AVAILABLE DATA:
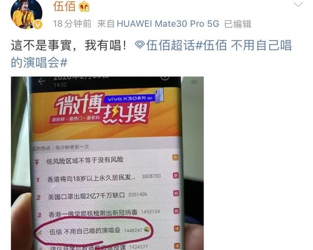 演唱会不用自己唱?伍佰晒热搜自侃:“这不是事实,我有唱!”
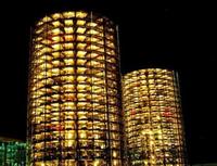 - Hai tháp xe hơi “khổng lồ” được thiết kế bằng thép mạ kẽm và kínhchiếu sáng vào ban đêm. Mỗi tháp cao 60 m, chứa tối đa 400 xe.
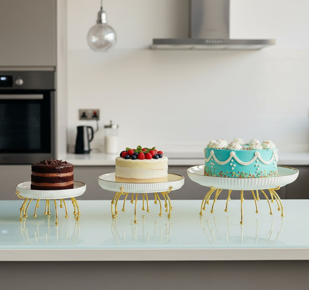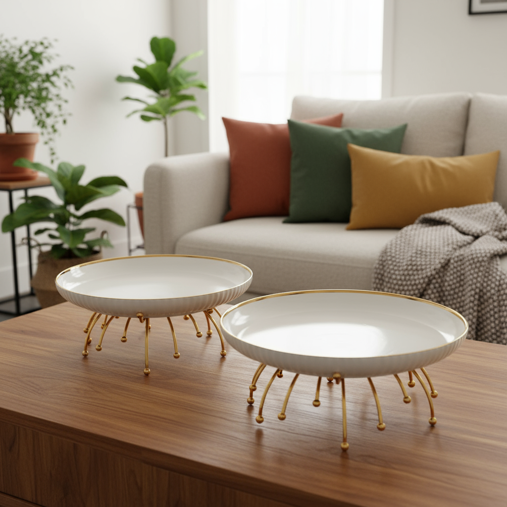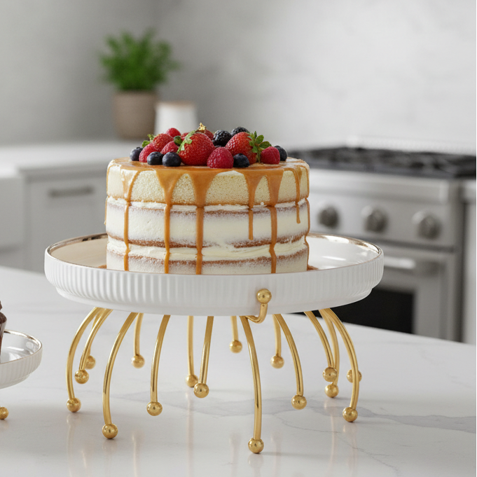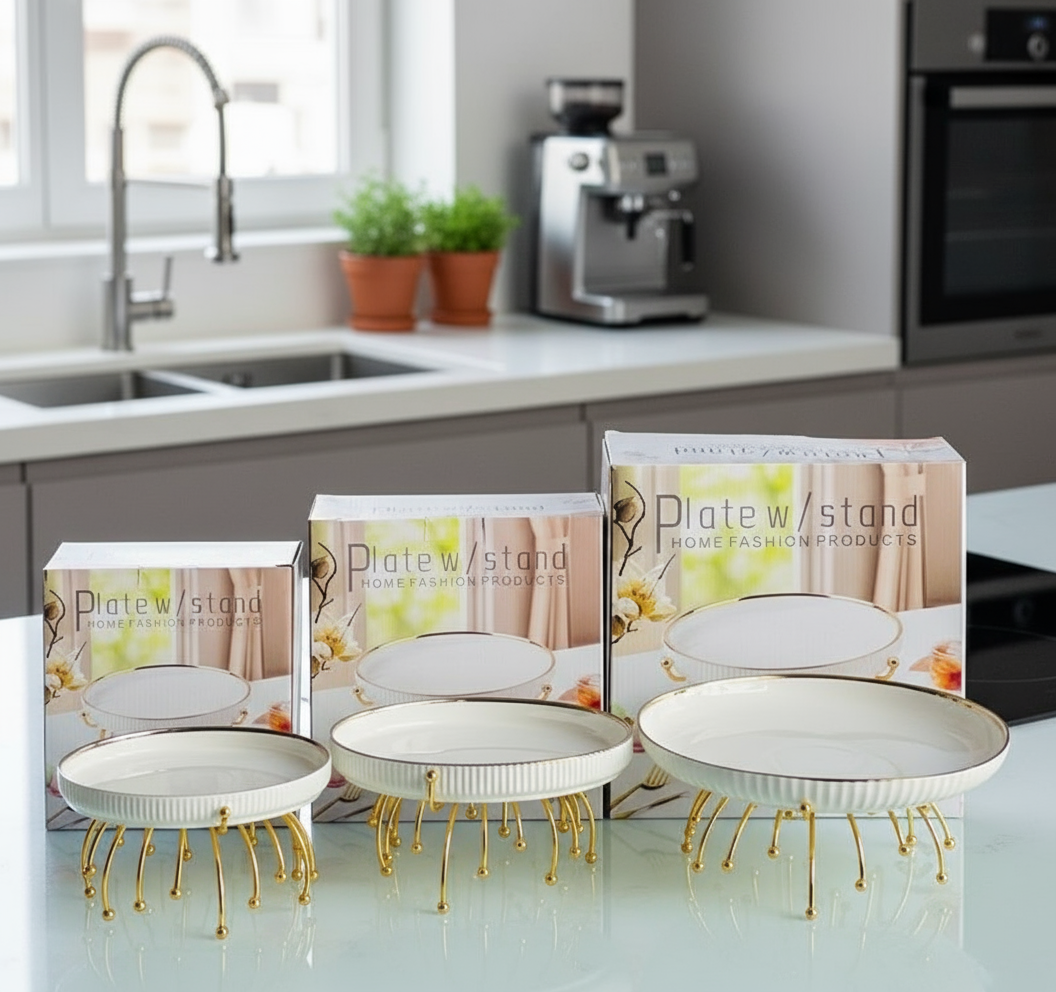 Conçus en céramique blanche côtelée avec un liseré doré raffiné, ces plateaux reposent sur un support métallique doré au design artistique et stable .
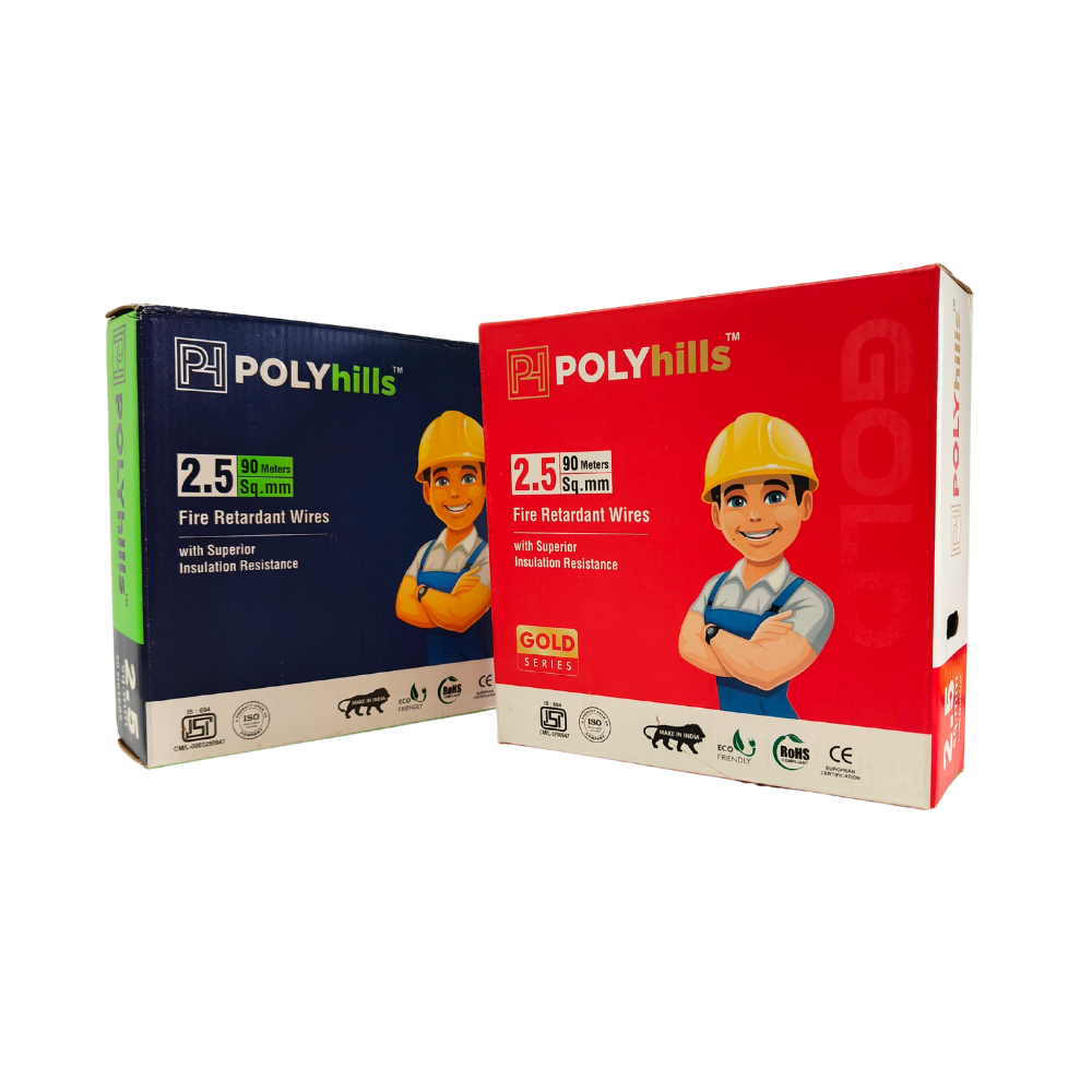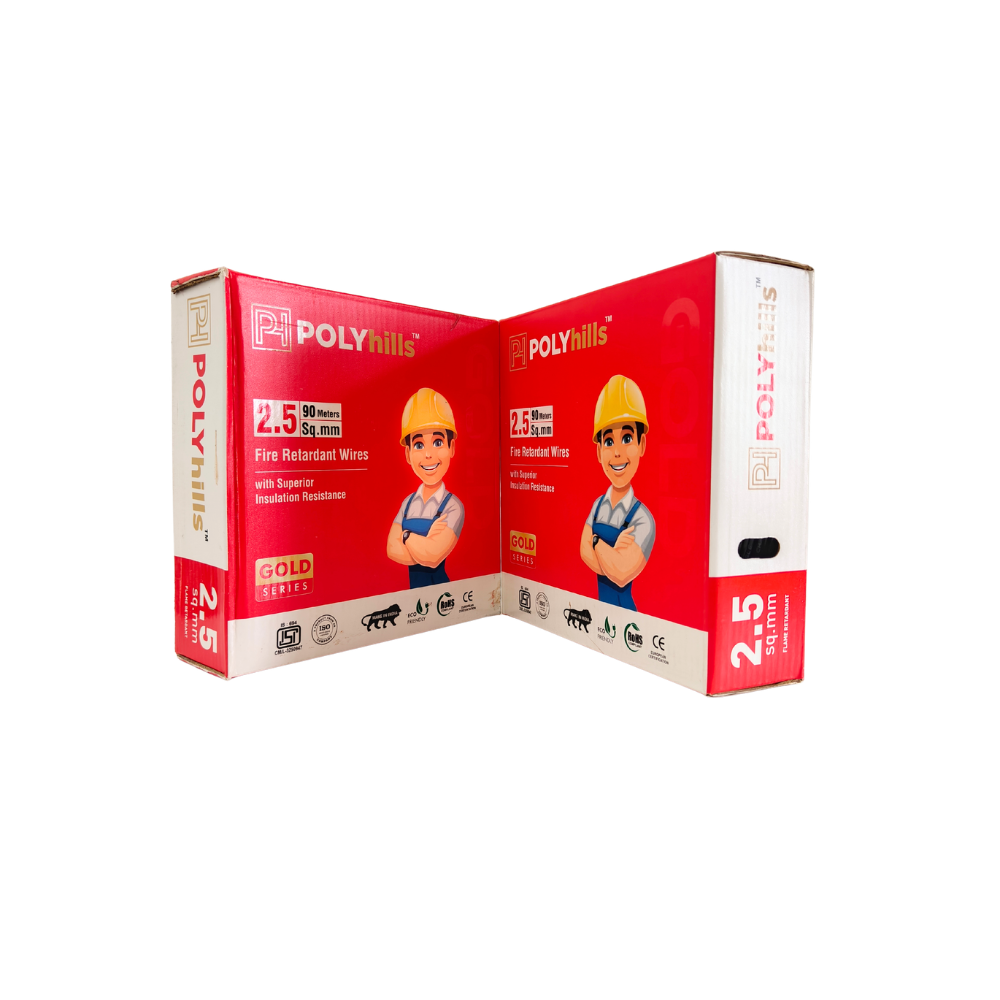 The Polyhills Gold Series is a high-safety electrical wire with Superior Insulation Resistance. It features Fire Retardant technology designed to prevent the spread of flames during electrical faults.

EXERCISE:
From the line that contains "Conçus en céramique" to the last line of the data, print each line exactly, both ends included, and omit the pictures.

SOLUTION TO THIS PROBLEM:
 Conçus en céramique blanche côtelée avec un liseré doré raffiné, ces plateaux reposent sur un support métallique doré au design artistique et stable .
 The Polyhills Gold Series is a high-safety electrical wire with Superior Insulation Resistance. It features Fire Retardant technology designed to prevent the spread of flames during electrical faults.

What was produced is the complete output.